The Fed’s scheme (bond/equity bubble) requires that they keep interest rates under strict control. Dr. John Hussman http://www.hussmanfunds.com/ made the point over a year ago in an article entitled “Sixteen Cents: Pushing the Unstable Limits of Monetary Policy,” that given the huge distortion in the Fed (and now ECB) balance sheet, just the slightest movement up in interest rates will require enormous unwinding of their balance sheet to keep inflation from going out the roof.
The past few weeks, we’ve seen a small, but definite rise in U.S. Treasury interest rates. Have we seen a turn, or is this simply a bump in the road? We know we have a determined Federal Reserve, but will they be able to stop this trend? Will they crash the stock market to turn the tide? Something is definitely going on. Notice that precious metals are feeling the windburn here from the possible turn in rates. We need to keep a watchful eye on this signal.
It was interesting to learn the parameters of the latest bogus Fed stress test: a 21% drop in house prices, unemployment at 13% and a 50% drop in the stock market. Did you notice the elephant in the room? What does the Fed know that we don’t know? With stock prices now up 100% from their 2009 lows, are we to expect or at least view as possible a drop back down to the former lows? Even “contrarian” Adam Hamilton (who’s sounding a lot like a CNBC cheerleader these days) expects we’ll eventually see S&P 500 Index down to 750.

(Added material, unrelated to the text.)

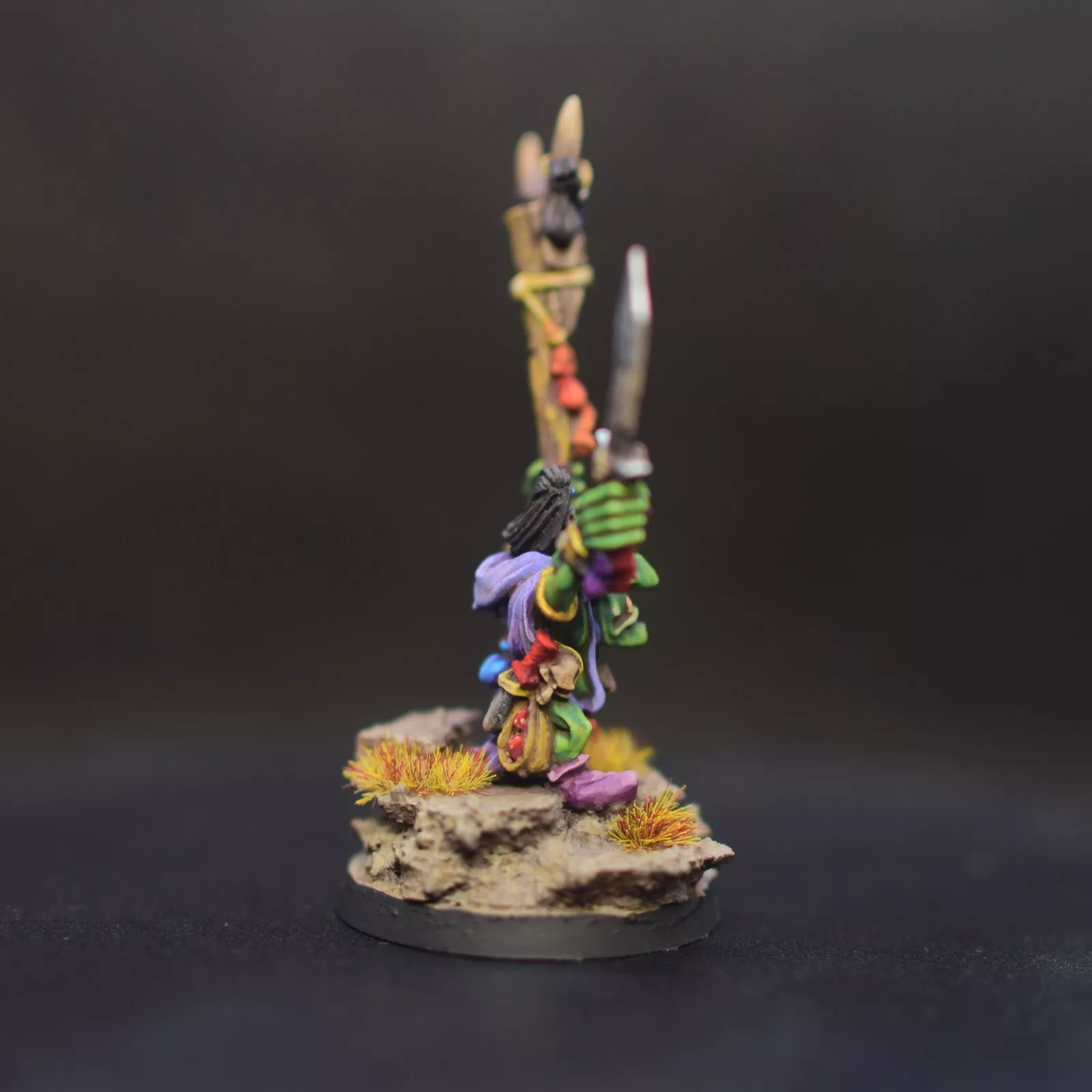 Un tuffo nel passato con questo leggendario sciamano in metallo. Un pezzo fuori produzione riportato in vita con una pittura vivida e una base desertica.

Friday, volume finally shot up to something respectable. The very likely culprit there was “quadruple witching” —relating to option expiration. For that reason, and because the market really did not move much, we really cannot make much of the one day volume spike.
Many advisors maintain a strongly bullish stance here. Investor sentiment moved even more strongly bullish, the VXO fear gauge dropped to no-fear levels. I remain a bit lonely as I continue to witness the relentless march higher of stock prices.
Zombie banks have had a field day lately with spectacular blowout gains as the blind bid up those worthless stocks. The bidding has also been fast and furious for the big-name darlings. This has propelled stock market indices to heights not seen for years. Enthusiasm for the broader market though remains restrained.